You’re walking down the street, minding your own business as usual, and you notice people staring at you. What the shit is that about? You look down and realize, oh, your jacket is completely covering your dress, and you look like maybe you could be a hooker, and you probably shouldn’t have chosen to wear platform heels today. What you should do is ignore it, and just go about your business instead of proceed to make the following bad decisions:
1) Do not start whispering hourly rates to people as they pass. Yes, the reactions are amusing and no one knows what to do, but you live in a city and inevitably one of those people will be a cop in street clothes.
2) Do not argue with the cop. He doesn’t know you’re kidding. You just solicited sex to him, and he will take you on a trip to the police station. Good luck explaining that you’re just being a giant wang.
So congratulations, you have to explain to your boss that you’re late for work because you were detained for fictitious sex solicitation. Good job, ass hole.
Sometimes people you don’t like are going to talk to you. And sometimes those people aren’t going to pick up on the fact that you hate them. And if, in fact, they still don’t find your charming personality off putting, and choose to tell you things such as, “I took my kids to a carnival this weekend,” or, “I bought a cupcake for lunch and ate the whole thing,” just smile politely, and maybe they will go away.

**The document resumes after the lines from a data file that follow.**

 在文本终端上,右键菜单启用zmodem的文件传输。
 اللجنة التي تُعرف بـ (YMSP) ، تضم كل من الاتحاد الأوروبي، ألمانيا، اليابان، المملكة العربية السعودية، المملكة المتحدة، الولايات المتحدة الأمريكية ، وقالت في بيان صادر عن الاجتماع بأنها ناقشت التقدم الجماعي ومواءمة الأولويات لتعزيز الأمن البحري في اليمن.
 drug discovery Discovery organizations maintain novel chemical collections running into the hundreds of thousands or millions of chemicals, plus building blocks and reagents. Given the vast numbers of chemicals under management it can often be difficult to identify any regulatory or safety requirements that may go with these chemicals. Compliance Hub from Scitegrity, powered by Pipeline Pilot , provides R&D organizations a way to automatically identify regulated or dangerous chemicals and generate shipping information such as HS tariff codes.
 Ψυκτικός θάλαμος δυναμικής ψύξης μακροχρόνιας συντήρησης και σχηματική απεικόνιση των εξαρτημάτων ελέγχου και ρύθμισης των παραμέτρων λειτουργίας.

Try not to respond with – without missing a beat, mind you – “No one cares.” Its rude, and maybe someone, somewhere, does care, but it is now painfully obvious to everyone that you don’t, and you are the bitch who hates kids and cupcakes. And that’s not true.
You love cupcakes.
An appropriate reflexive response to “You’re late” is never “So is my period.” It’s not appropriate in a meeting at work and for the love of God correct the situation before you’re inevitably late for dinner with your father tonight. It’s going to invite unwanted speculation like, “What, are you pregnant?” and you know you’re going to end up blurting something else out like, “Nope, pretty sure you have to be having sex to be pregnant.” Way to make it more awkward, you bitter old hag. Just learn to use other phrases, such as “Golly, I’m sorry, I sure did lose track of the time.”

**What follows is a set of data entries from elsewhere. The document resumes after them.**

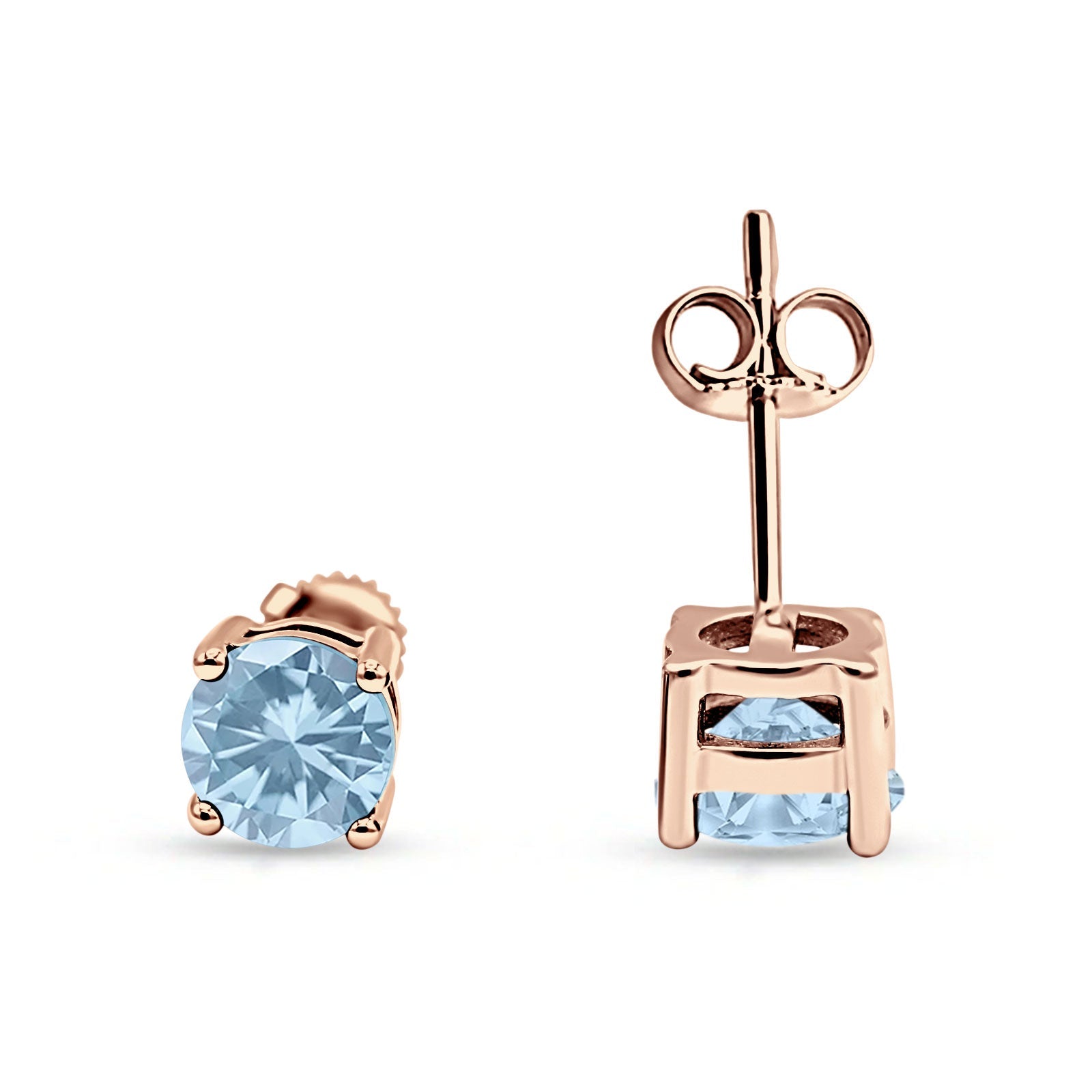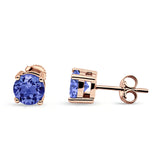 CZ & Blue Sapphire CZ Rose Tone Silver
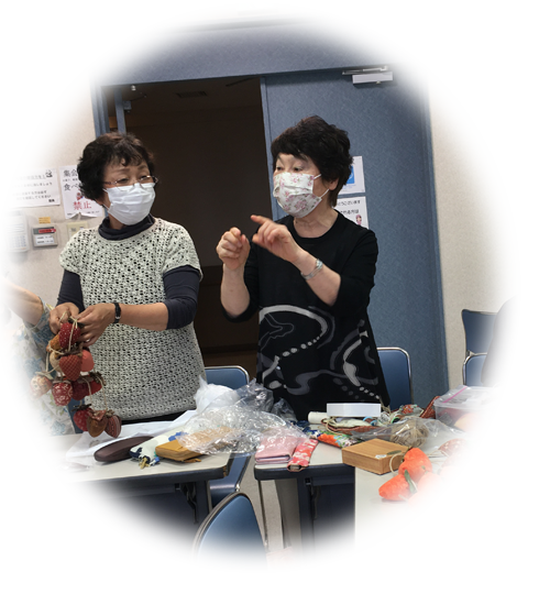 趣味の多い方が沢山いますので、会員の中から順次講師をお願いし、ファスナーブローチ、布草履、鍋帽子、古い着物で小物入れ袋、裁縫箱、マフラーなどを作り、和気あいあいと楽しいクラブです、興味のある方はいつでも入部大歓迎です。
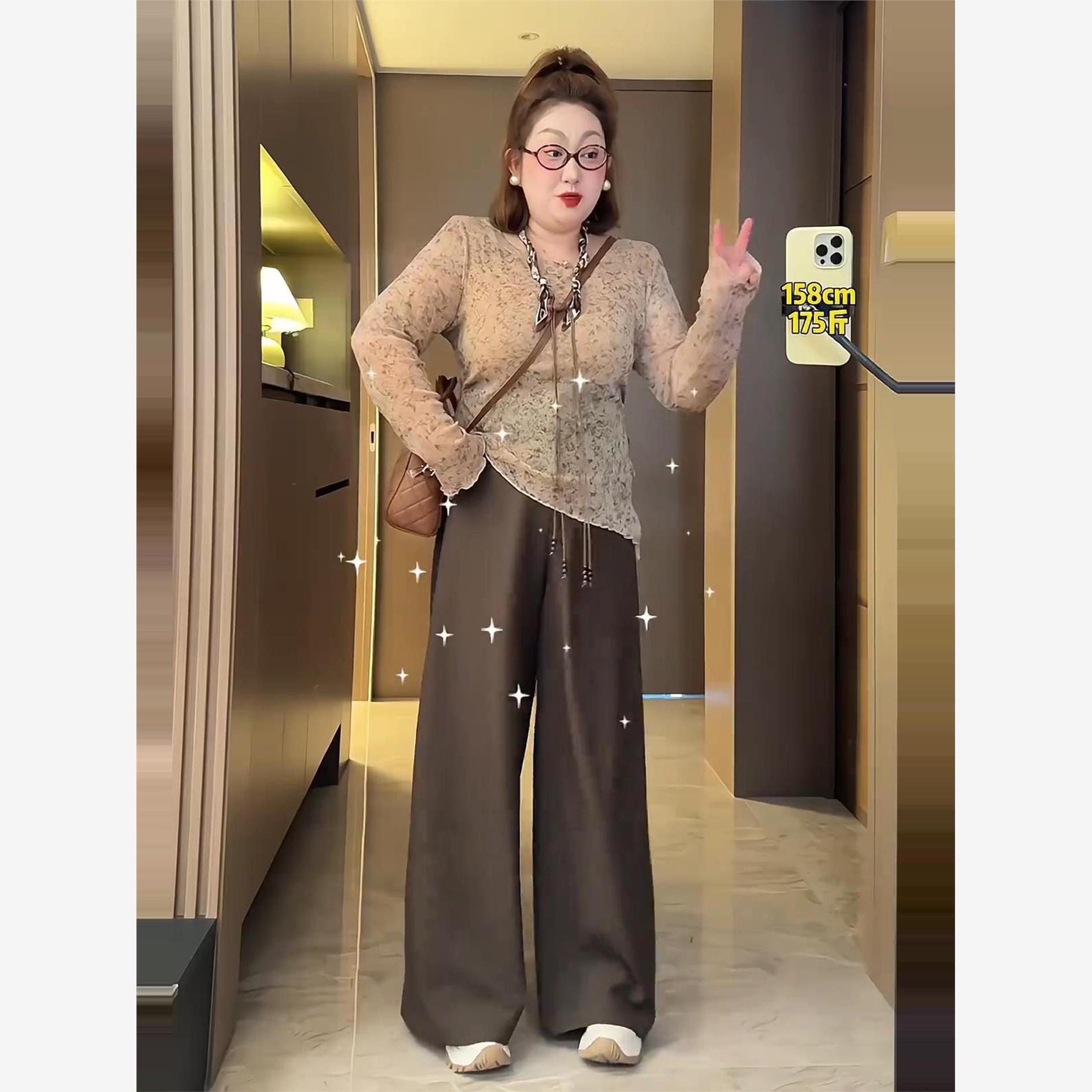 大码高腰气质休闲阔腿西装裤女春秋胖mm显瘦宽松弯刀裤垂感直筒裤
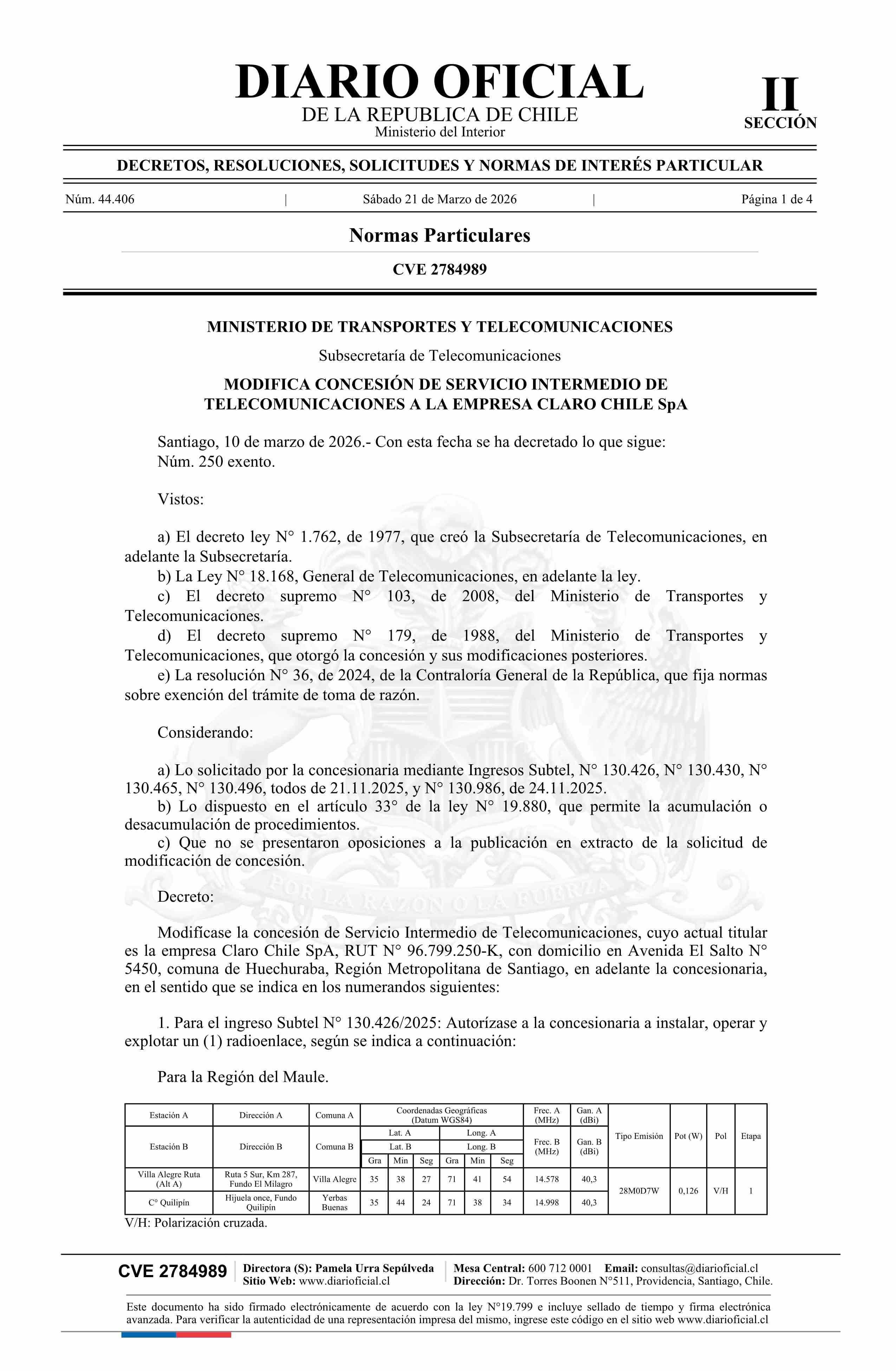 Decreto exento número 250, de 2026.- Modifica concesión de servicio intermedio de telecomunicaciones a la empresa Claro Chile SpA 21-03-2026 Diario Oficial Edición Electrónica |

Thats right – golly. It’s far too underused. Bring that shit back.
Your internal monologue is meant to stay as your internal monologue. When someone is standing in your way, don’t blurt out what you’re thinking, especially if it’s “This bitch.” There’s no easy way to play that off when you don’t immediately realize that you’re speaking out loud. You’re a terrible person. Lock it up.

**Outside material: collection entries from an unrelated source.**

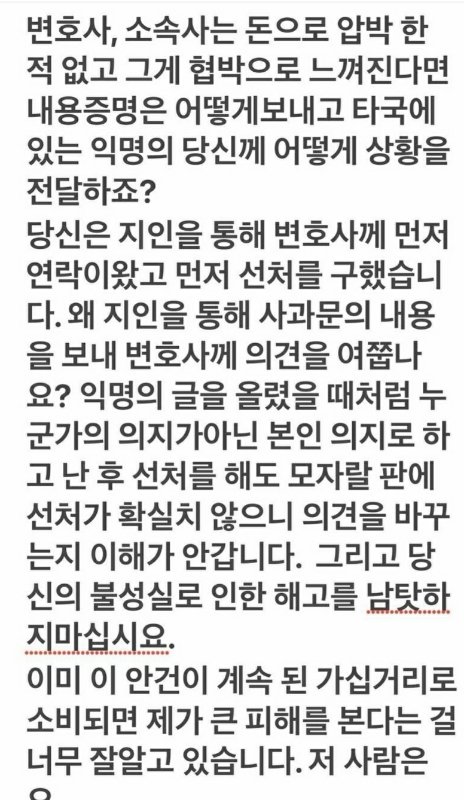 폭로자는 분명 변호사 쪽에서 먼저 a한테 협박(?)했다했음.근데 a는 폭로자에게 사진을 제공해준사람이라 변호사와 접촉할 일이 없는데 어떻게 먼저 연락했고 협박내용은 왜 까지 않는거고 앞에 모든게 구라라치고 선처를 먼저 요구했어도 왜 갑자기 처음에 변호사를 구한다면서 대응하겠다고 당당했던거와는 다르게선처를 요구한건가 그것도 본인이 아닌 a를 통해서
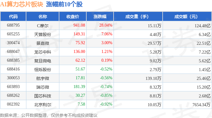 证券之星消息,12月11日AI算力芯片板块较上一交易日下跌1.78%,科德教育领跌。当日上证指数报收于3873.32,下跌0.7%。深证成指报收于13147.39,下跌1.27%。AI算力芯片板块个股涨跌见下表:
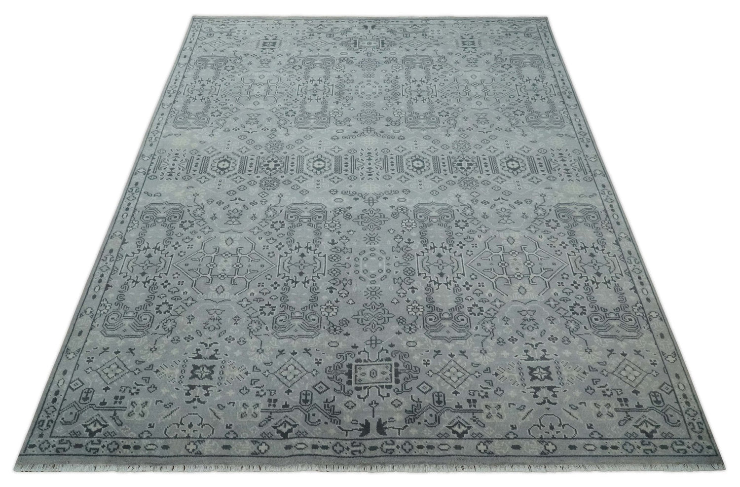 9x12 Hand Knotted Silver, Ivory and Charcoal Traditional Antique Style Wool Rug
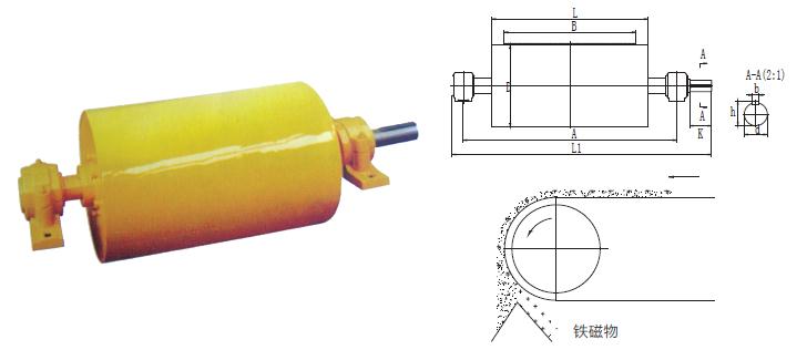 RCT型全磁滾筒與TD-75型、AD-80型通用固定式皮帶輸送機配套使用代替主動輪,也可與專用皮帶輸送機配套。
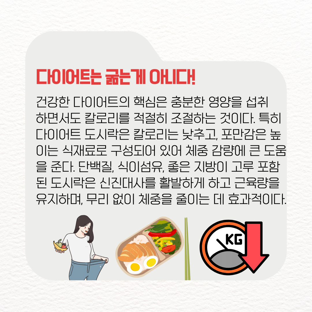이런 다양성은 식단 관리의 지속 가능성을 높여주며, ‘다이어트는 고통’이라는 인식을 바꿔주고있다. 매주 한 번씩 도시락 종류를 바꿔보거나, 식사 시간마다 다른 맛을 즐기면 스트레스 없이 건강한 식단을 유지할 수 있다.

Stop answering the door in your work out clothes. And by work out clothes, I mean leggings and a sports bra. By now, you know the mailman has just been making up excuses to knock on the door, which is both a little disturbing because it means he’s been creeping in your windows, and also means you should get curtains. You know he’s just trying to get a better look at your boobs, which is sad for everyone involved, because quite frankly, they aren’t that great. And yet, every week, like clockwork, knock, knock, knock on the door.
You know what you’re doing. Put a shirt on, you attention whore.
You cannot keep telling everyone you have Tourette’s as a way to excuse your excessive cursing. First of all, you’re a liar. Secondly, you curse like a sailor by choice. Granted its because everyone is stupid, so technically its their fault when you curse them out, but you have a potty mouth nonetheless. Own it, or clean it up, you incorrigible ass hole.
You need to understand the difference between whispering and screaming, and maybe find a good balance between them. Try to land on something most people call an ‘indoor voice.’ Practice this, hone it, and adopt it as normal. If you can’t get the hang of it, defer to whispering. Because honestly, the entire gym does not need to know that you need to poop.
And if that’s unavoidable, don’t follow it up with, “What? Everybody poops. Read a book, people.” Have some shame woman.
So there are some people in this world that you would rather not talk to. Mostly because you hate them. We get it. Stop making it so obvious and ducking into the first door you see to get away from them. Sure, sometimes that may work and allow for a clean escape, but other times you’ll find yourself in a utility closet and will have to explain yourself to your office facilities manager. You’re being a baby. Remember you box as a hobby. You actually opt to get punched in the face. You should be able to handle difficult interactions. Man up.
Or at the very least, just know that you have the ability to swiftly punch people out.